The National Interest
Could Turkey Beat Syria?
Aaron Stein, Dov Friedman
October 10, 2012 -- As the first news broke last week that a second Syrian
artillery shell had struck Akcakale and killed five civilians, Turkey had
already begun taking decisive action. Turkey immediately returned fire,
and the following day, parliament approved the prime minister's request to
conduct cross-border military operations. The armed forces have since
responded to every errant Syrian artillery strike by shelling military targets
inside Syria. Having met both the shooting down of a Turkish F-4 and the
first artillery shell fired at Turkey with a mix of stern words and troop
deployments on the border, Turkey's ruling Justice and Development Party
(AKP) government determined that this time Syria had gone too far. Or—
to crib an old adage—Assad's army had committed its third strike.

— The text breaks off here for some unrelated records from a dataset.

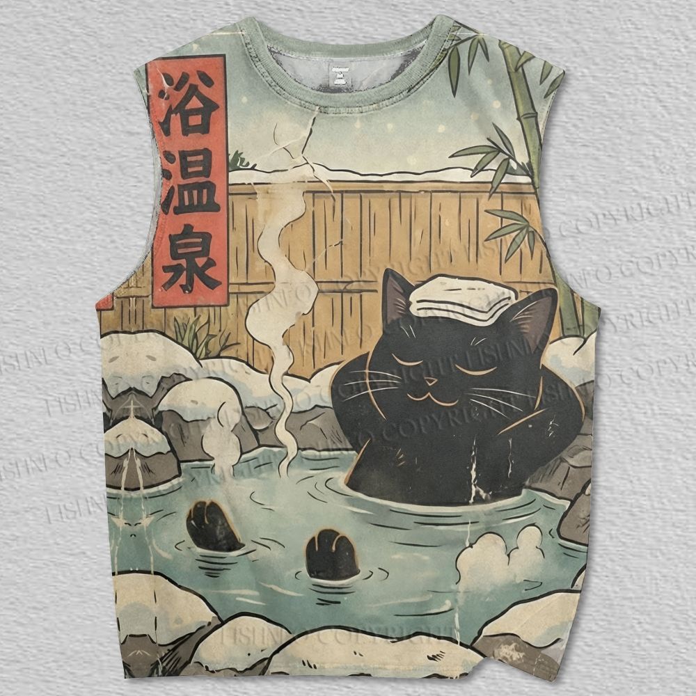 Unisex Winter Onsen Relaxed Black Cat Printed Tank Top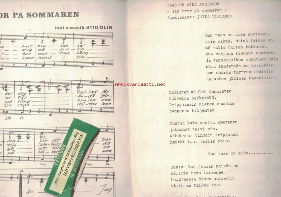 Suomenkieliset sanat eri paperilla.- Postitus 3,80€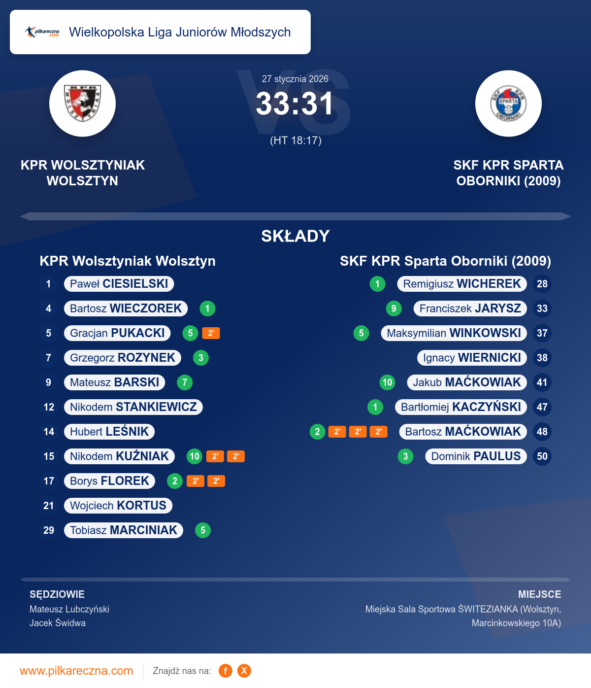 Sędziowali: Mateusz Lubczyński, Jacek Świdwa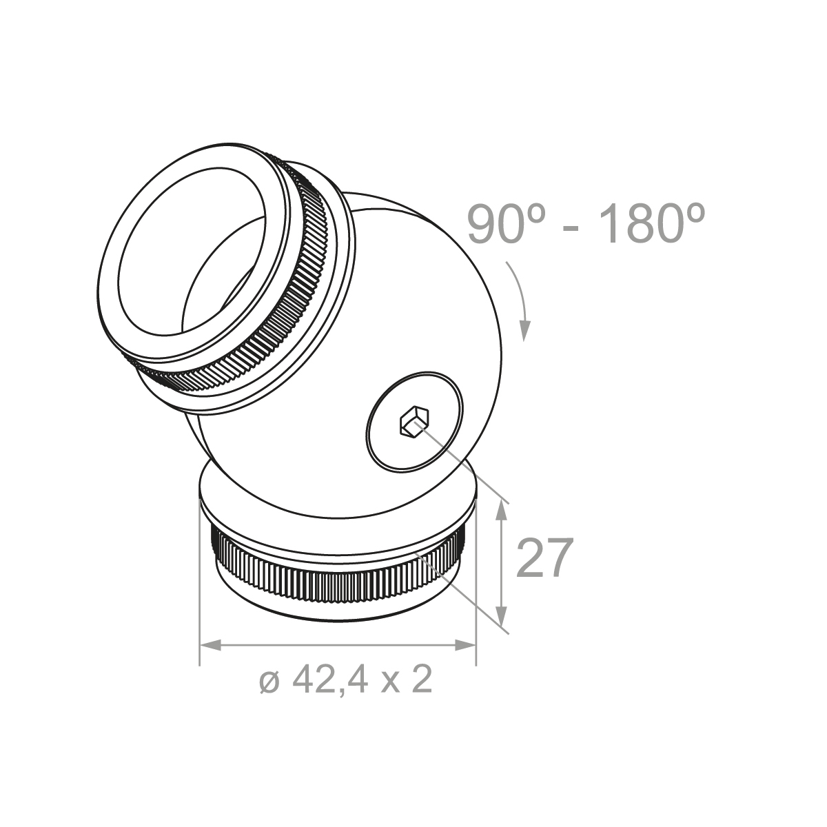 Verstellbare Kugelgelenkverbindung 90°–180° für Rohr ø 42,4 mm – Edelstahl AISI 304 satiniert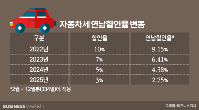 하지만 2010년대 이후 자동차세 징수율은 90%가 넘는다. 정부와 지방자치단체가 더 이상 세금할인에 따른 징수효과를 보지 못한다고 판단한 이유입니다.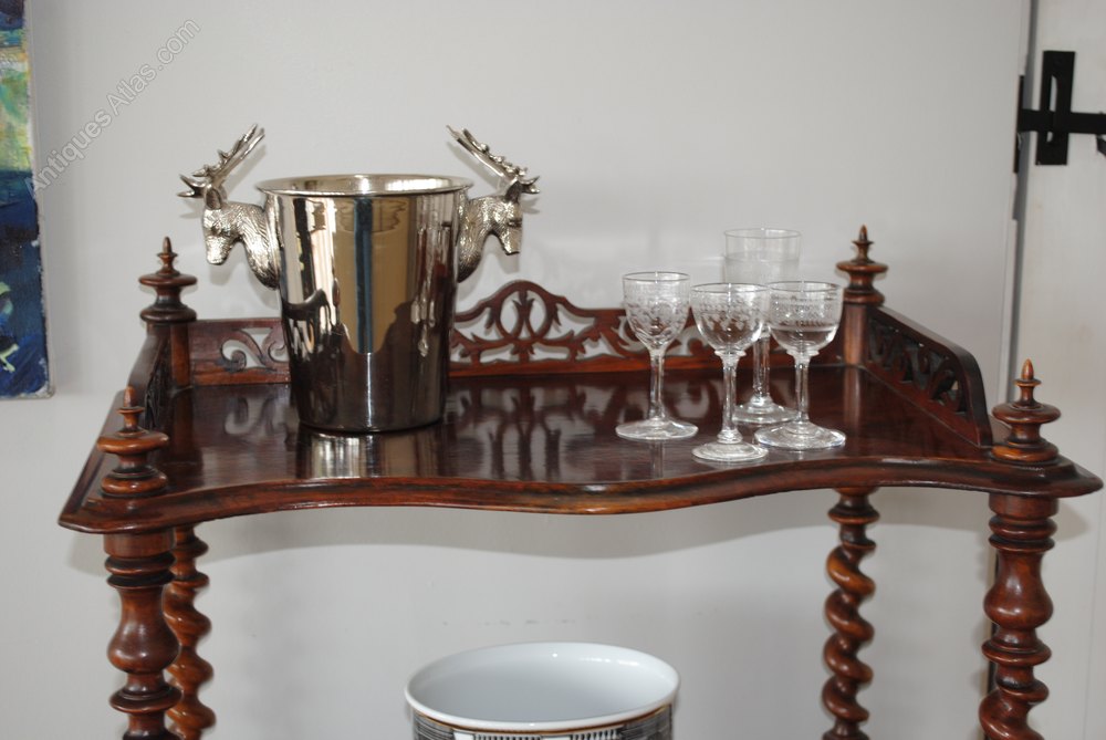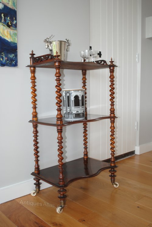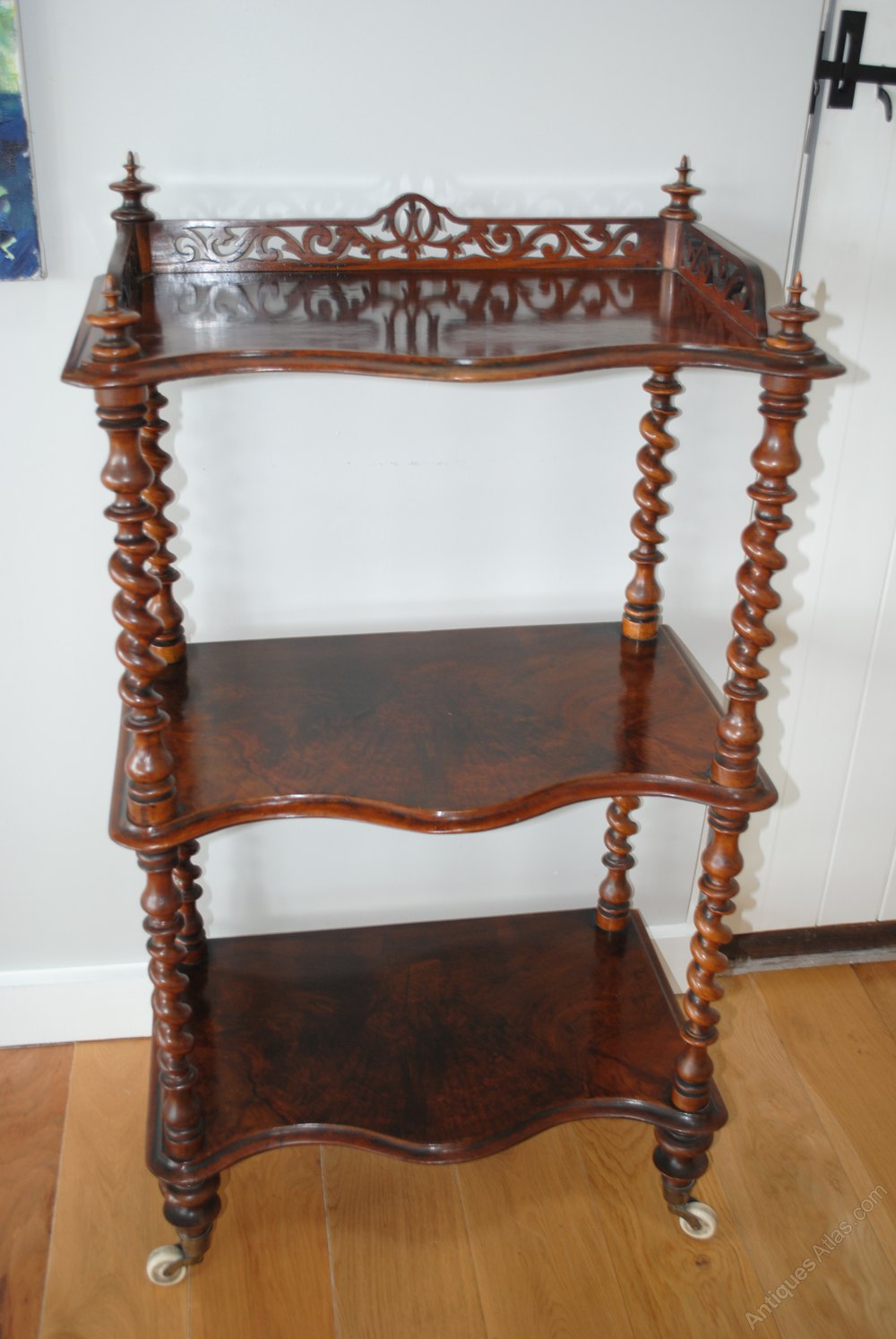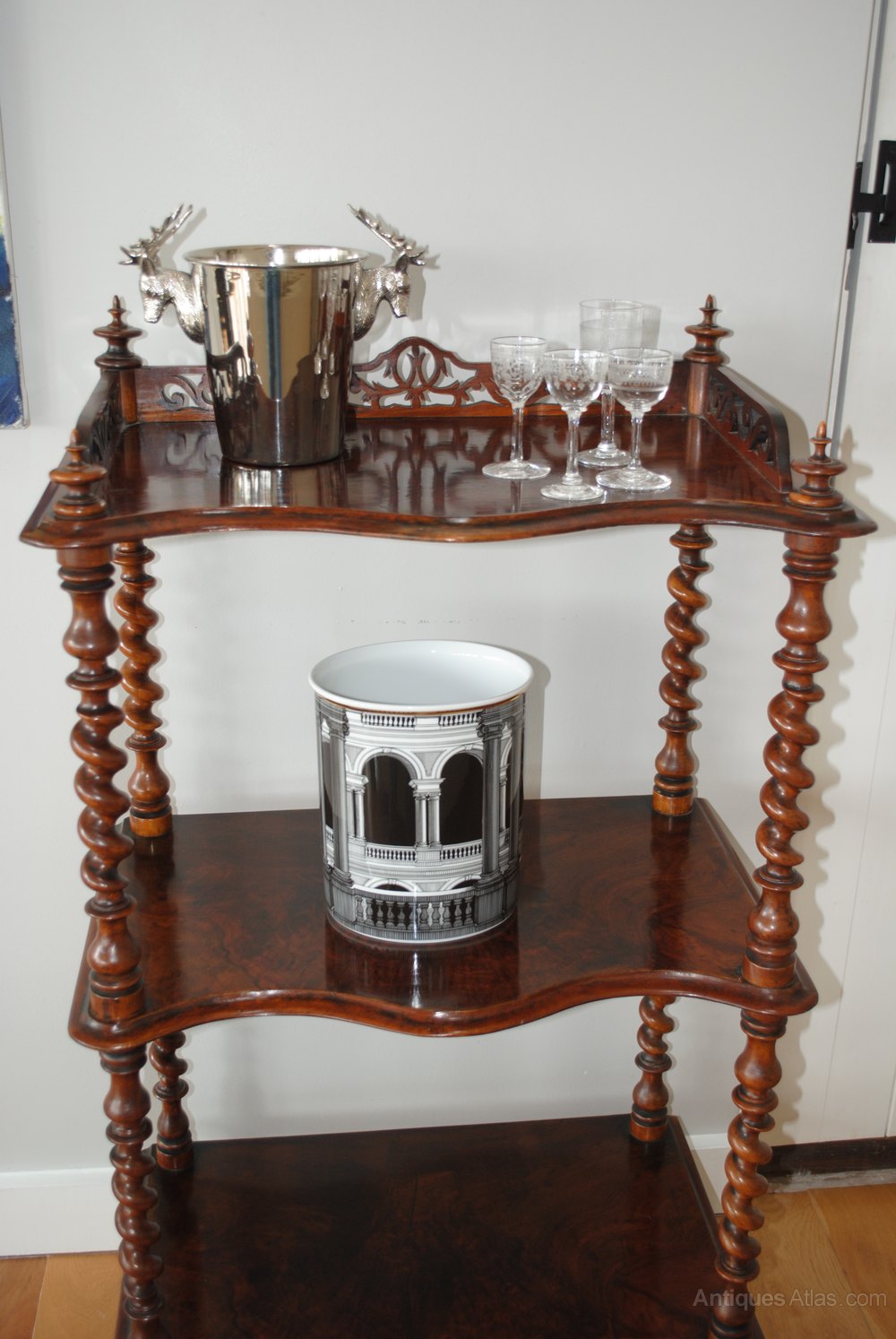 This is a lovely Antique 3-Tier Serpentine What-not in mint condition. Made of walnut, it dates from the middle of Queen Victoria's reign and is in lovely original condition with no alterations or adaptations.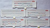 Nick Santos sent me an e-mail with the following hardware tips about the Playskool PS-635, which apparently refers to the 40 pin version: "Although I am still in the experimentation and documentation stage of this bend I have found some promising bends. As you may have noticed, pins 10-26 seem to deal with they keys and buttons of this device. I saw that pins 10 and 12 were being used but pin 11 was conspicuously unused, I used some wire and probes and proceeded to connect pin 11 to the other key control pins with pleasing results pin 11 connected to pin 15, 16 17 or 18 will produce the kick, cowbell, loud snare and soft snare respectively. When pin 11 is connected to pins 21-26 it will produce lower pitch notes that were not included in the design. You mentioned that you would like to use the pre programmed rhythms and cancel out the main instrument voice, I have discovered how to do this as well. Connect the pin nearest the headphone jack of the capacitor nearest the headphone jack, to pin 1 of the instruments main chip, this will completely cut out the main voice and leave the rhythm (if you attach to the wrong pole of the capacitor a very faint main voice will remain) to do the opposite and strip away the rhythm from the songs connect the same pin of the capacitor to pins 5 or 6 of the main chip (it will also boost the volume).Traktor told by e-mail that there are plenty of additional hidden rhythm pattern variants. multipulse squarewave tone generatorWhile the technology is the same like in EK-001 (see there), interesting is that many multipulses differ. (I tried inverting and rotating, but they won't match.) So the 'piano' waveform is more complex, and the 'guitar' is less harsh and closer to an acoustic one. Some multipulses have a strange dot (short dropout to lo) in their hi section. I expect this artifact to be caused by restarting the address counter at the begin of the loop point. Thus I have visually rotated these patterns to shift the dot (marked ".") to their end. (Other multipulses likely have it at a lo section, where it stays invisible.) Because the patterns are complex, the exact section lengths are hard to see on an analogue oscilloscope. Particularly with 'piano' I am not sure, but it definitely differs from EK-001. The 'horn' is still a 3:5 squarewave, only inverted and here rotated to move the dot to the end. The 'banjo' also here has mandolin ring.What I identified as 'guitar' corresponds to 'piano' in MS-210B (see there) so it may be considered piano by the manufacturer. But IMO it sounds much more like an acoustic guitar than like the piano of EK-001 or an actual piano. The multipulse bit loops look like this: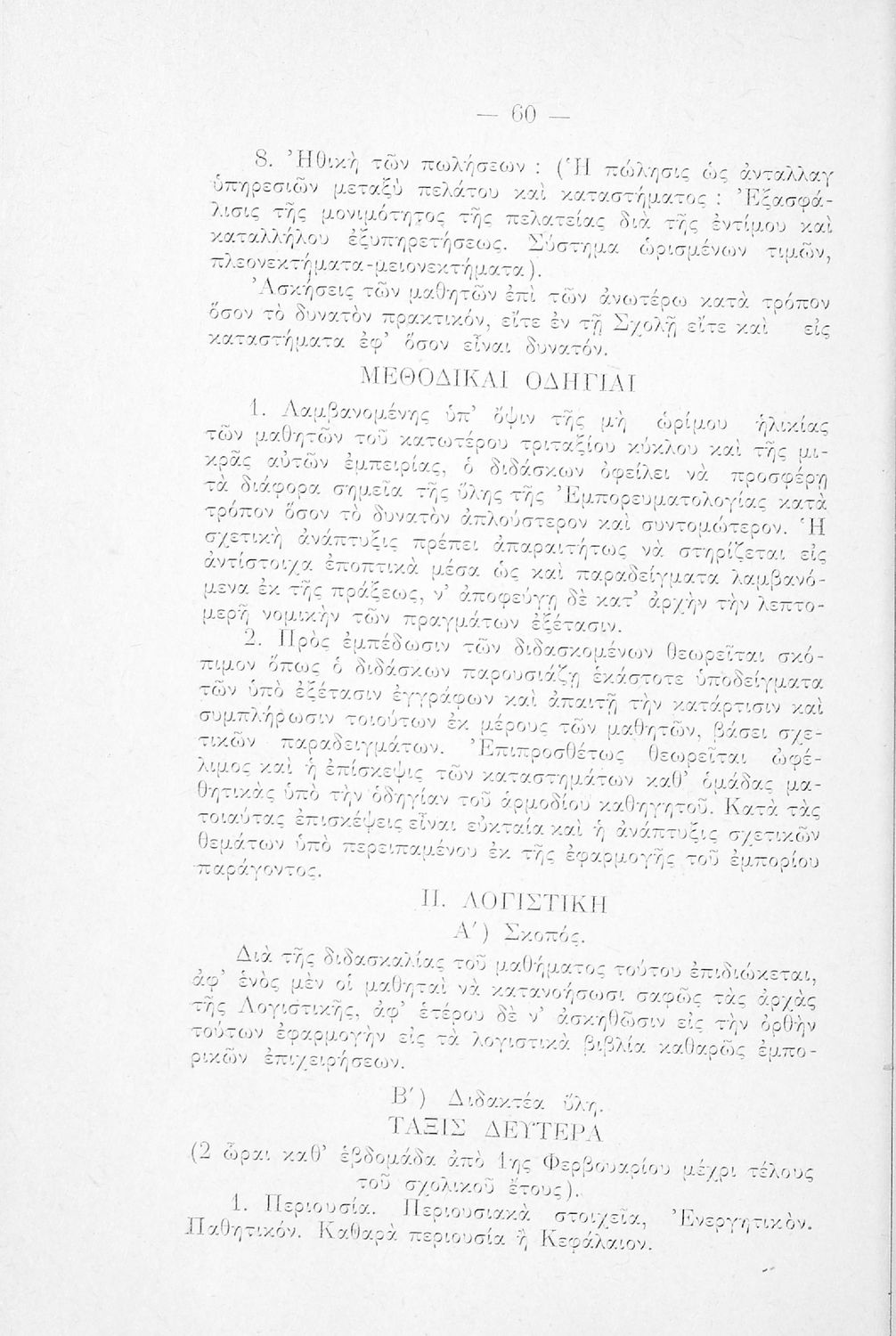 Έκδοση του Υπουργείου Παιδείας και Θρησκευμάτων που περιλαμβάνει τα ωρολόγια και αναλυτικά προγράμματα των μαθημάτων που διδάσκονται στις Εμπορικές Σχολές.
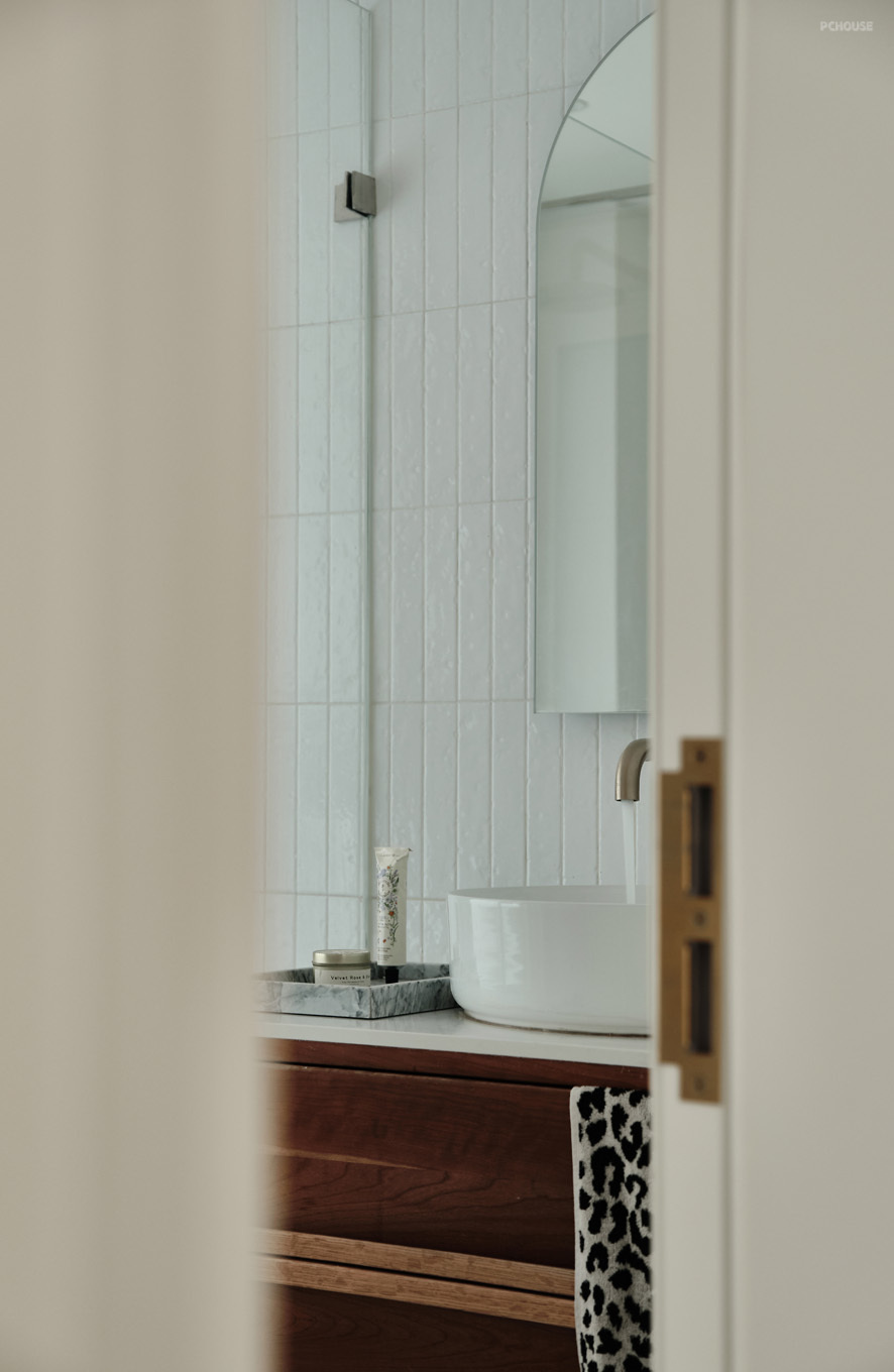 卫生间同样延续了整体空间家具的氛围,胡桃木的浴室柜,让简单的空间有点复古的味道。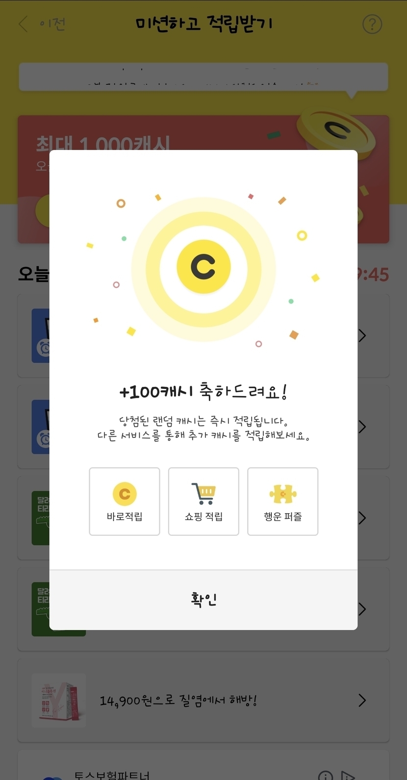 미션보상 100캐시

If military action seemed a natural response, the manner in which Turkey
retaliated proved telling. In response to a Syrian artillery shell, Turkey fired
numerous rounds of artillery back, claiming to have used radar to hit the
source of the deadly Syrian shell. Prime Minister Recep Tayyip Erdogan
stressed that the strikes were not acts of warfare; they were merely
intended to reestablish deterrence. In words and actions, it would seem,
proportionality inspired Turkey's underlying military approach.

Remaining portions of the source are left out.